In [1]:
import warnings
warnings.filterwarnings('ignore')

### Model1: TF-IDF + ML Classifier

In [2]:
from sklearn.feature_extraction.text import TfidfVectorizer
from sklearn.model_selection import StratifiedKFold, train_test_split
from sklearn.linear_model import SGDClassifier
from sklearn.naive_bayes import MultinomialNB
from sklearn.ensemble import VotingClassifier, RandomForestClassifier
from sklearn.metrics import roc_auc_score
from catboost import CatBoostClassifier
from lightgbm import LGBMClassifier


from transformers import PreTrainedTokenizerFast
from tokenizers import (
    decoders,
    models,
    normalizers,
    pre_tokenizers,
    processors,
    trainers,
    Tokenizer,
)


from datasets import Dataset
from tqdm.auto import tqdm
import pandas as pd
import numpy as np
import sys
import gc

In [3]:
test = pd.read_csv('/kaggle/input/llm-detect-ai-generated-text/test_essays.csv')
sub = pd.read_csv('/kaggle/input/llm-detect-ai-generated-text/sample_submission.csv')
train = pd.read_csv("/kaggle/input/daigt-v2-train-dataset/train_v2_drcat_02.csv", sep=',')

In [4]:
train = train.drop_duplicates(subset=['text'])
train.reset_index(drop=True, inplace=True)
train.head()

Unnamed: 0,text,label,prompt_name,source,RDizzl3_seven
0,Phones\n\nModern humans today are always on th...,0,Phones and driving,persuade_corpus,False
1,This essay will explain if drivers should or s...,0,Phones and driving,persuade_corpus,False
2,Driving while the use of cellular devices\n\nT...,0,Phones and driving,persuade_corpus,False
3,Phones & Driving\n\nDrivers should not be able...,0,Phones and driving,persuade_corpus,False
4,Cell Phone Operation While Driving\n\nThe abil...,0,Phones and driving,persuade_corpus,False


In [5]:
train = train.drop_duplicates(subset=['text'])
train.reset_index(drop=True, inplace=True)

In [6]:
LOWERCASE = False
VOCAB_SIZE = 14_000_000

In [7]:
# Creating Byte-Pair Encoding tokenizer
raw_tokenizer = Tokenizer(models.BPE(unk_token="[UNK]"))
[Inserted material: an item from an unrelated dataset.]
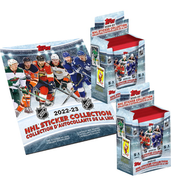 Álbum + 2 Caixas (=100 saquetas) da coleção de cromos "Topps NHL 2022/23 Hockey". Cada saqueta contém 5 cromos.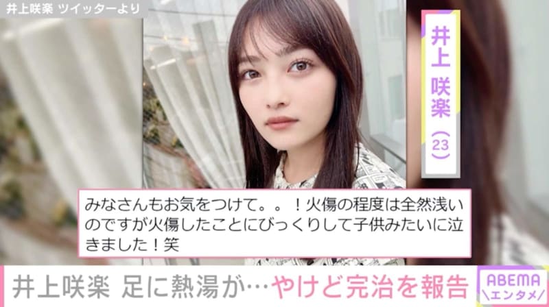 Published by ABEMA TIMES タレントの井上咲楽(23)が26日、自身のInstagramを更新し、足に負ったやけどが治ったことを…

# Adding normalization and pre_tokenizer
raw_tokenizer.normalizer = normalizers.Sequence(
    [normalizers.NFC()] + [normalizers.Lowercase()] 
    if LOWERCASE else []
)


raw_tokenizer.pre_tokenizer = pre_tokenizers.ByteLevel()
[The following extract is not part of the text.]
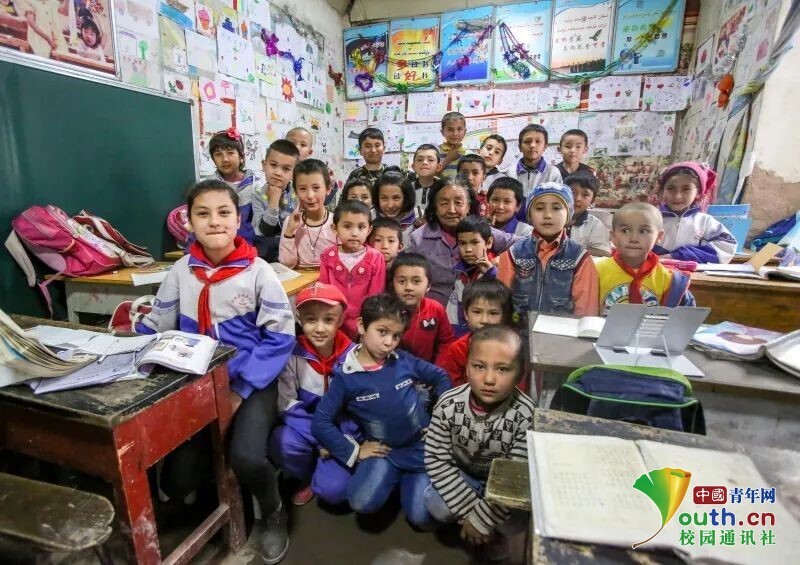 图为潘玉莲在位于新疆喀什地区疏勒县的爱心小课堂与学生们合影。 中国青年网通讯员 谭媛 摄

# Adding special tokens and creating trainer instance
special_tokens = ["[UNK]", "[PAD]", "[CLS]", "[SEP]", "[MASK]"]
trainer = trainers.BpeTrainer(
    vocab_size=VOCAB_SIZE, 
    special_tokens=special_tokens
)


# Creating huggingface dataset object
dataset = Dataset.from_pandas(test[['text']])

def train_corp_iter():
    """
    A generator function for iterating over a dataset in chunks.
    """    
    for i in range(0, len(dataset), 1000):
        yield dataset[i : i + 1000]["text"]

# Training from iterator REMEMBER it's training on test set...
raw_tokenizer.train_from_iterator(train_corp_iter(), trainer=trainer)

tokenizer = PreTrainedTokenizerFast(
    tokenizer_object=raw_tokenizer,
    unk_token  = "[UNK]",
    pad_token  = "[PAD]",
    cls_token  = "[CLS]",
    sep_token  = "[SEP]",
    mask_token = "[MASK]",
)



# Tokenize test set with new tokenizer
tokenized_texts_test = []
for text in tqdm(test['text'].tolist()):
    tokenized_texts_test.append(tokenizer.tokenize(text))


# Tokenize train set
tokenized_texts_train = []
for text in tqdm(train['text'].tolist()):
    tokenized_texts_train.append(tokenizer.tokenize(text))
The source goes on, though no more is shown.